3 things you should do for you

Let’s focus on you for a minute. Because I know there’s a good chance nobody else is despite the worry you deal with.

What should you do day to day to get through this?

I think 3 things.

1) The first is let go of any thoughts of healing the addict in your life. You don’t get a say in their recovery and as frustrating as this is, you save yourself a lot of stress and heartache if you just know this. They don’t get better until they choose better. Which means your life doesn’t get better until they either choose better or you leave.

2) Start planning for the day you might have to leave, even if you have no intention of doing so just yet. Set up a savings account, get qualified, confide in a friend, and know where you are going if you get to the point where you’ve had enough. If the struggling person in your life is a son or daughter, look into support for them should they wish to take it.

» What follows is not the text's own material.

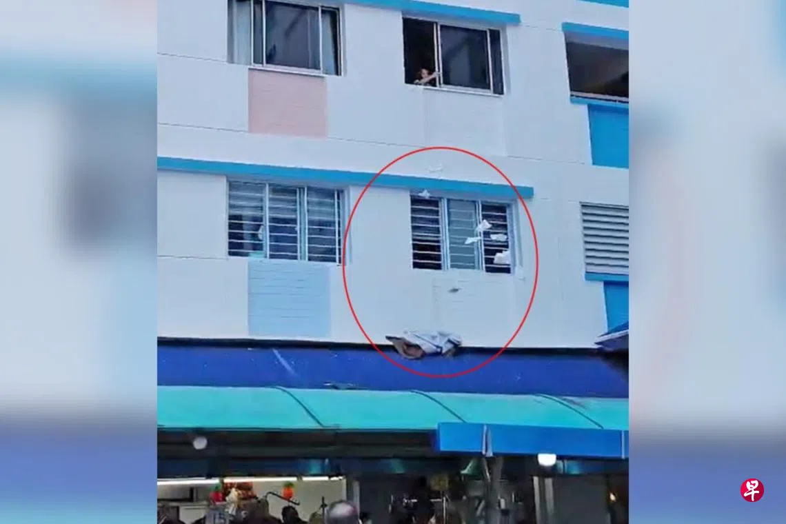 她说,有人从三楼的一个单位内,将多件大型物品移到窗边,包括行李箱。“窗外还好有遮雨棚挡着,对方丢了衣物、纸巾和毛毯,庆幸没丢下行李箱。随后,就有警员抵达现场。”

You may not think it now, but there may come a time when you want to change the locks. Because it’s draining being unable to help someone who doesn’t want your help yet.

3) Get strong yourself. Eat right, exercise, find support for yourself and what you’re going through, and keep going with your sense of purpose. Don’t give up on your job or your social life or your future. Don’t isolate yourself, and always have something planned to bring relaxation and enjoyment.

What else? Can you add anything? Comments are welcome as always.

The blame game

One of the biggest challenges of addiction is the mood swings. We deal with many frustrations during the recovery periods, and these bring temper tantrums and harsh words with them. And when the denial kicks in… Well, talk about manipulation! The blame game is played too, and it’s never their fault.

He wouldn’t need to take anything if it wasn’t for me!

Then there are the depressions, which come on in the flick of a switch and bring a dark cloud over the entire day. I try to keep my vibe high and sometimes I succeed, but it’s not an easy way to live.

It’s loney too. He’s in a fog in his own world of troubles, and there’s nobody there to enjoy a conversation with. Other family members retreat. They try to understand but they don’t really.

Please support yourself during these times. Make plans with friends, or make a coffee and call someone. You don’t have to be isolated or even go the other way and share everything, but you do have to take responsibility for your own happiness and know that this is not your fault.